Lifting Embodied World Models for Planning and Control

Summary

World models predict future observations conditioned on an input action. For complex embodiments such as a human agent, these actions may require specifying motion for each individual joint, greatly increasing the model's input dimensions. This high-dimensionality makes world models difficult to control manually and exponentially more expensive for search-based planning methods like Cross-Entropy Method (CEM).

Our solution to this problem is to lift the world model to a higher level of abstraction. We train a lightweight policy to map a high-level action to sequences of low-level actions. Composing this policy with a frozen world model creates a Lifted World Model (LWM) that predicts a longer-horizon future observation from a single high-level action. This lifting reduces the dimensionality and length of action sequences without the need to finetune or change the world model.

For an egocentric, embodied agent, we introduce waypoints as high-level actions. Each waypoint is a 2D projection of a 3D goal position onto the current observation and is specified for each leaf joint of the embodiment: the pelvis, head, left-hand, and right-hand. Importantly, waypoints are interpretable, low-dimensional, easy to specify and easy to search over.

We explore using waypoints as goal-conditioning for our policy compared to using goal observations and find that waypoints better capture the desired goal pose. We also combine our policy with a PEVA world model and perform CEM planning in high-level waypoint space for an embodied human agent. We find that planning with the LWM reduces mean joint error (MJE) by 3.8× compared to planning in low-level joint space. Our method also performs better at various CEM compute budgets and across longer goal horizons and longer initial distances to the goal pose. For additional experiments on waypoint visibility, ablations using 3D waypoints, decomposing action generation, as well as planning with 3D waypoints and in unseen environments, see our paper.

Overview: all stages of the Lifted World Model labeled together

Input: current observation, pose context, and high-level action (waypoints)

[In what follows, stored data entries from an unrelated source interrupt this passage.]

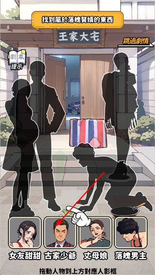 1、在找到屬于落魄贅婿的東西任務(wù)中,拖動人物到上方對應(yīng)人影框,完成相關(guān)的劇情的匹配。
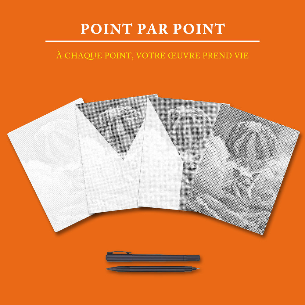 La peinture à points est une technique similaire à la peinture au diamant.Au lieu d’utiliser des strass, vous utilisez des marqueurs spéciaux pour donner vie à votre photo grâce à des points.La toile est imprimée avec des cercles de différentes tailles.En les remplissant, un motif unique apparaît : votre propre peinture à points !Remplissez tous les cercles et regardez votre photo prendre vie et briller.
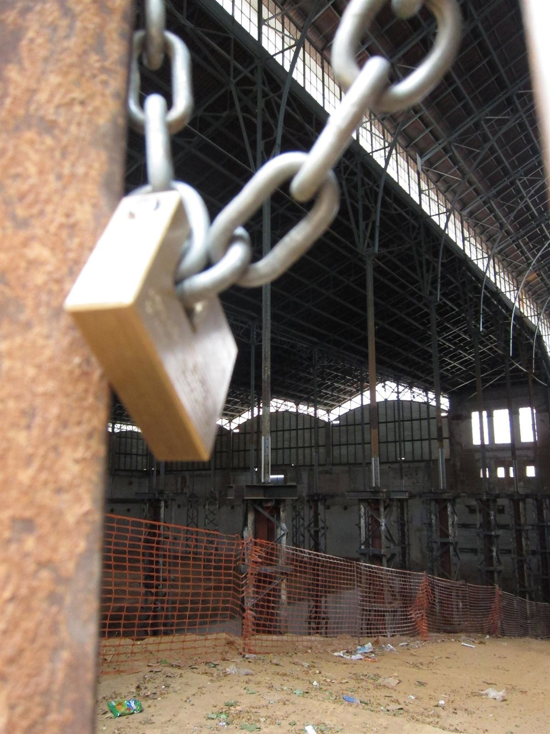 Los accesos exteriores del recinto a reformar están cerrados con candados, paneles explicativos sobre la evolución de las obras y vallas que lo rodeaban han sido retirados, y esta misma semana se han llevado módulos prefabricados que servían para los obreros.
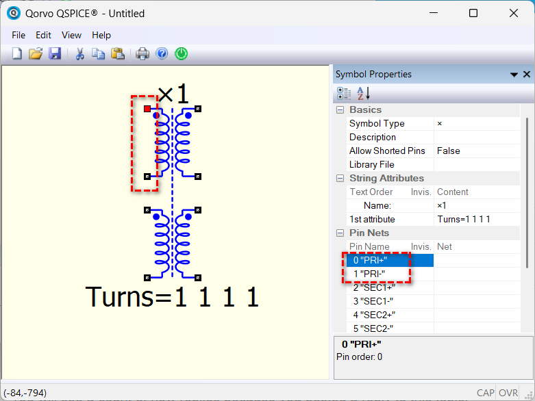 OR, download my custom symbols library (Qspice/Symbols-KSKelvin) as I added labels to describe the winding for the ×-device. You can customize the labeling or pin arrangement by creating your own version of the ×-device.

Actions: low-level joint actions decoded by the policy

Observations: future observations rolled out by the world model

Output: predicted observation T steps in the future

Fig. 1: Lifted World Model overview. A high-level action a^HL is mapped by the policy into a sequence of low-level joint actions, which the frozen low-level world model rolls out into a sequence of observations. The final observation o_t+T is the output of the LWM. Meshes are shown for visualization only.

Method

Here we introduce the three components of our method: a high-level waypoint action space for controlling egocentric, embodied agents, a waypoint-conditioned policy that predicts sequences of low-level joint actions, and combining the policy with a low-level PEVA world model to form a Lifted World Model (LWM) for planning and control.

High-level Waypoint Actions

Each waypoint is the 2D projection into the current observation o_t of a near-term 3D goal position for one leaf joint of the embodied agent. For the human XSens embodiment, we use one waypoint for each leaf joint (pelvis, head, left-hand, right-hand), all drawn directly on the current frame. We sample goal poses 8 timesteps (2 seconds) into the future. This reduces the action space dimensionality from 8 timesteps × 48 joint action dimensions for PEVA to just 4 × 2 = 8 dimensions for our high-level Lifted World Model.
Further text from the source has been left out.